- WHAT YOU SHOULD DO
Would you retype exactly the lines below, starting with the one that has "Clé WiFi KAKUSIGA" and going on through the one that has "Комплексный набор AG", with no pictures and nothing else?

- DATASET EXTRACT
····················

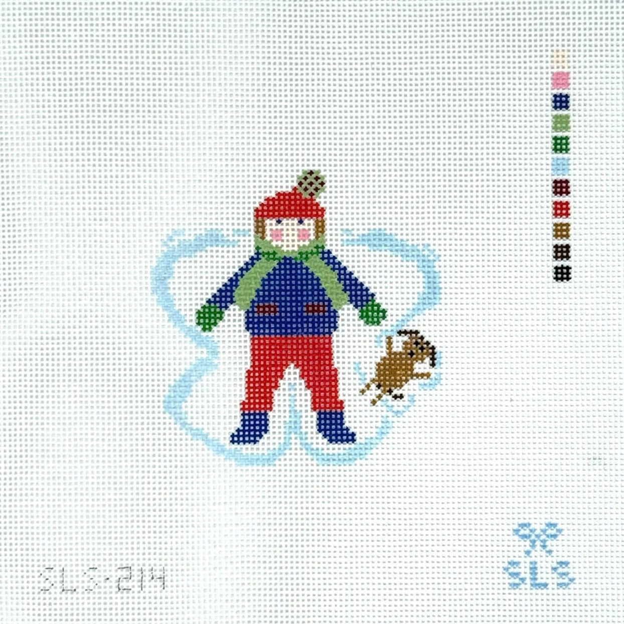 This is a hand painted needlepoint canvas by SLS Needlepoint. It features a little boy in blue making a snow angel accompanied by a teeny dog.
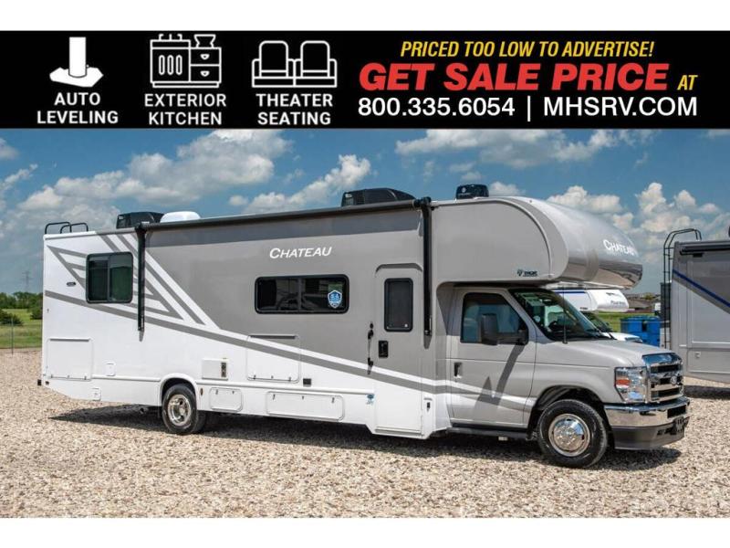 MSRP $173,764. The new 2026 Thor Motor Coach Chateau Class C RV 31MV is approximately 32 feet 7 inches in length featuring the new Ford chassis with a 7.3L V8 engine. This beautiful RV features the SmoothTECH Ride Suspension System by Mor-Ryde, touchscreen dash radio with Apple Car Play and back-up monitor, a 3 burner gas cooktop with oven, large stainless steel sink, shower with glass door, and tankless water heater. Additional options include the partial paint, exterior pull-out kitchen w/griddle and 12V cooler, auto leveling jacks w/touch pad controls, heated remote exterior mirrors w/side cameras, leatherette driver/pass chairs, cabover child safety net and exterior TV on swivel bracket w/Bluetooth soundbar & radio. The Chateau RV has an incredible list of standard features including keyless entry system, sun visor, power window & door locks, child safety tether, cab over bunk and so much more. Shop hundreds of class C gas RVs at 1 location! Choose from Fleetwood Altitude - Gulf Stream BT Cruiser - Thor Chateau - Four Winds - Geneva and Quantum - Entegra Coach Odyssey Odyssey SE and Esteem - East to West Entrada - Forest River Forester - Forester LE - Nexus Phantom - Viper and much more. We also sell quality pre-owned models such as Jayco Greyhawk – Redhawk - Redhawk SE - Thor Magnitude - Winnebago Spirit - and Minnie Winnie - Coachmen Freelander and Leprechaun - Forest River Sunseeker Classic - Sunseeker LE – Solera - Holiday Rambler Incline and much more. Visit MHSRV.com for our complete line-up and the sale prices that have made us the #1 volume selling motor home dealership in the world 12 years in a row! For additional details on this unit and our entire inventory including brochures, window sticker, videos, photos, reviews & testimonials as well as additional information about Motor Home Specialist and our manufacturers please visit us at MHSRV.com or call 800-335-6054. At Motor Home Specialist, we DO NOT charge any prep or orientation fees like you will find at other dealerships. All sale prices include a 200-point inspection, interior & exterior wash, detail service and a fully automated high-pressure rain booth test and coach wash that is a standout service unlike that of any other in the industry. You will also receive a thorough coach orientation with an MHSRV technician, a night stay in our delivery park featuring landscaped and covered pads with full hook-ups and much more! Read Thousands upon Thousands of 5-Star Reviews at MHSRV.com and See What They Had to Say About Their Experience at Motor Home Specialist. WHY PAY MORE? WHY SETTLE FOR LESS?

····················

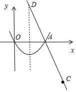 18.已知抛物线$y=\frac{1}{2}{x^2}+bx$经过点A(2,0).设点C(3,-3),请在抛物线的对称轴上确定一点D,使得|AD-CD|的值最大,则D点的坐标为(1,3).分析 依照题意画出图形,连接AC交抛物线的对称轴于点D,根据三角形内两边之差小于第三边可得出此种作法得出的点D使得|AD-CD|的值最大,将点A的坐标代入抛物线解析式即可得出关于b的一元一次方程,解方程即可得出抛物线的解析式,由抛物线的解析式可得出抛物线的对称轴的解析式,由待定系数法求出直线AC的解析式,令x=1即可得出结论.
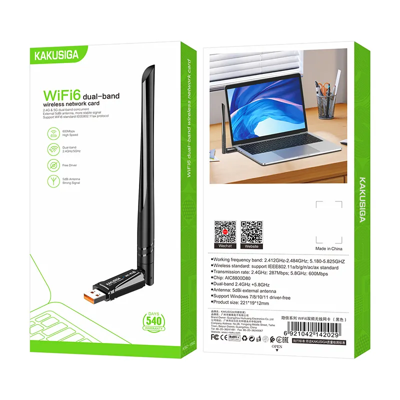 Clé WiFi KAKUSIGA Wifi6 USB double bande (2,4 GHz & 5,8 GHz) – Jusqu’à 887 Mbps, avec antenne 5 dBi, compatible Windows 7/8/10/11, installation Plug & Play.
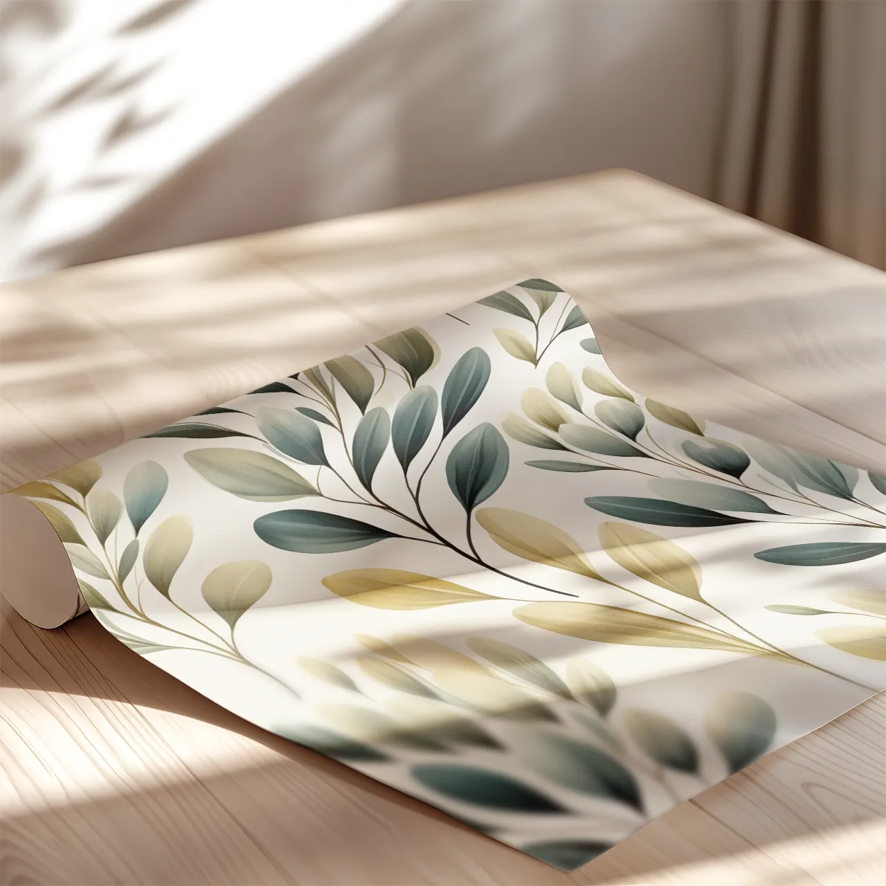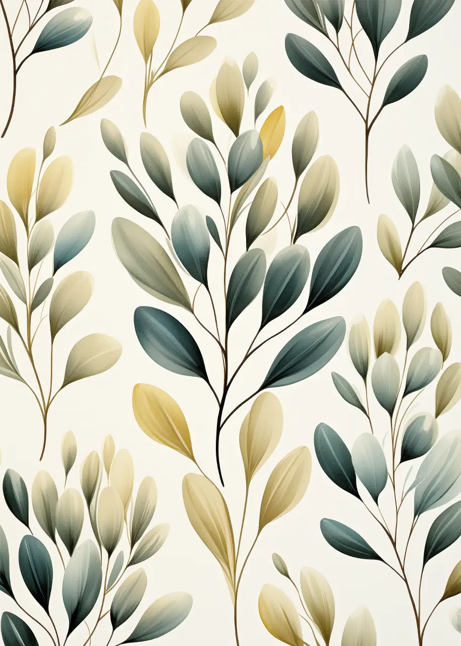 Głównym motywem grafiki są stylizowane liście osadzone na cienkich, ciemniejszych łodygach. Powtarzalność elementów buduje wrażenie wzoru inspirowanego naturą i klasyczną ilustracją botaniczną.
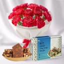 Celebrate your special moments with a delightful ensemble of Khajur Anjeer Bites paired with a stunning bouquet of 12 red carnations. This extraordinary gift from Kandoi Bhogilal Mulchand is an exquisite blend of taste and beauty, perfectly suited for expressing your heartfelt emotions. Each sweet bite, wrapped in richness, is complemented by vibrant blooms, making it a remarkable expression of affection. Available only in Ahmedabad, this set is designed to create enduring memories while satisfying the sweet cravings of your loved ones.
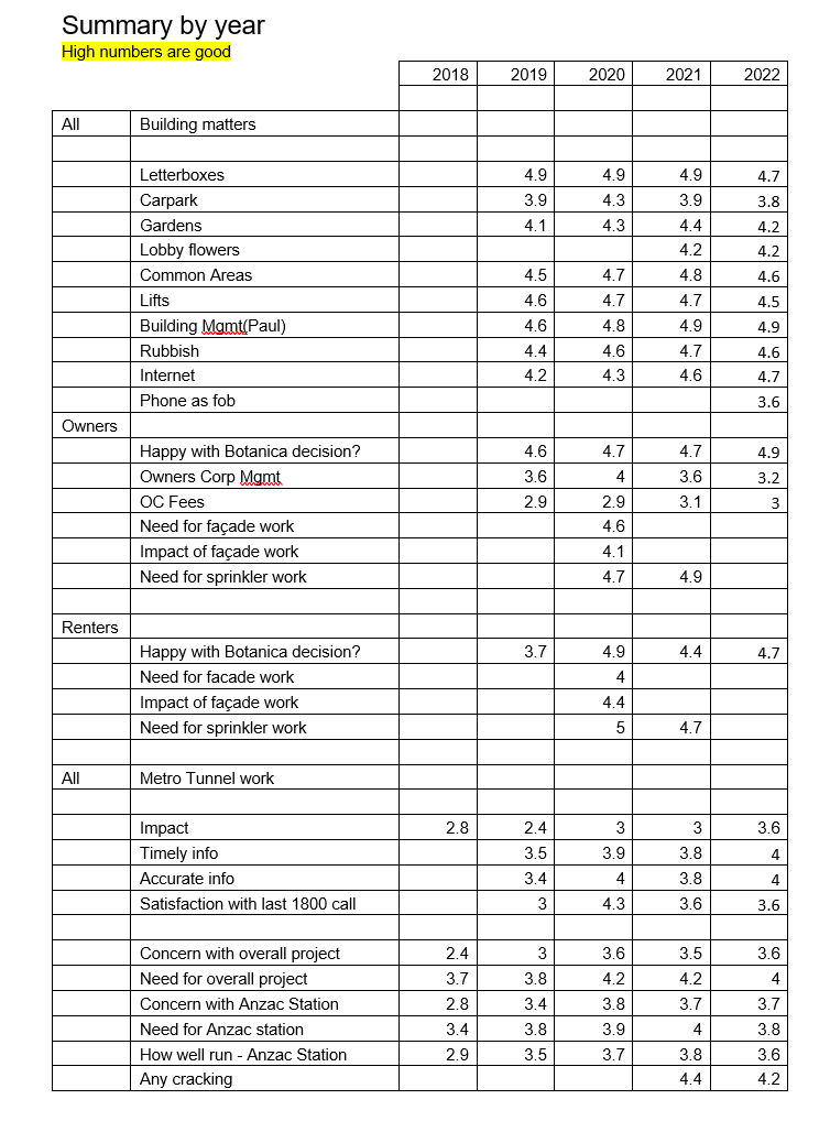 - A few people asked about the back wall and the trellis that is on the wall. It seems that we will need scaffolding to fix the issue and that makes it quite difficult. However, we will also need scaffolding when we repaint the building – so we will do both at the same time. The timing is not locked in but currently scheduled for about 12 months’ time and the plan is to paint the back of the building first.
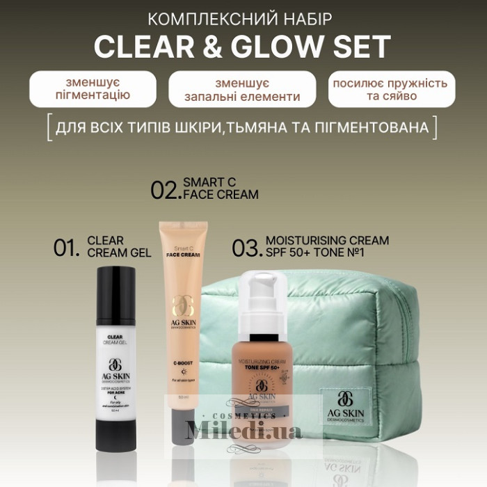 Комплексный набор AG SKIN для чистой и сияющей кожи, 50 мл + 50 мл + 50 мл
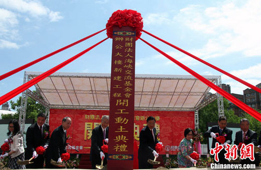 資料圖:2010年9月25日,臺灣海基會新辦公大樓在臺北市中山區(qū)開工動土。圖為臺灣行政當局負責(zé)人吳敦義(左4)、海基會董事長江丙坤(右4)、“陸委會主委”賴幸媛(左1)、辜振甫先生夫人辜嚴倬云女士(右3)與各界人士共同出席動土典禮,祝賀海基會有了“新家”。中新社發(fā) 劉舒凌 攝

····················

- TASK RESPONSE
 Clé WiFi KAKUSIGA Wifi6 USB double bande (2,4 GHz & 5,8 GHz) – Jusqu’à 887 Mbps, avec antenne 5 dBi, compatible Windows 7/8/10/11, installation Plug & Play.
 Głównym motywem grafiki są stylizowane liście osadzone na cienkich, ciemniejszych łodygach. Powtarzalność elementów buduje wrażenie wzoru inspirowanego naturą i klasyczną ilustracją botaniczną.
 Celebrate your special moments with a delightful ensemble of Khajur Anjeer Bites paired with a stunning bouquet of 12 red carnations. This extraordinary gift from Kandoi Bhogilal Mulchand is an exquisite blend of taste and beauty, perfectly suited for expressing your heartfelt emotions. Each sweet bite, wrapped in richness, is complemented by vibrant blooms, making it a remarkable expression of affection. Available only in Ahmedabad, this set is designed to create enduring memories while satisfying the sweet cravings of your loved ones.
 - A few people asked about the back wall and the trellis that is on the wall. It seems that we will need scaffolding to fix the issue and that makes it quite difficult. However, we will also need scaffolding when we repaint the building – so we will do both at the same time. The timing is not locked in but currently scheduled for about 12 months’ time and the plan is to paint the back of the building first.
 Комплексный набор AG SKIN для чистой и сияющей кожи, 50 мл + 50 мл + 50 мл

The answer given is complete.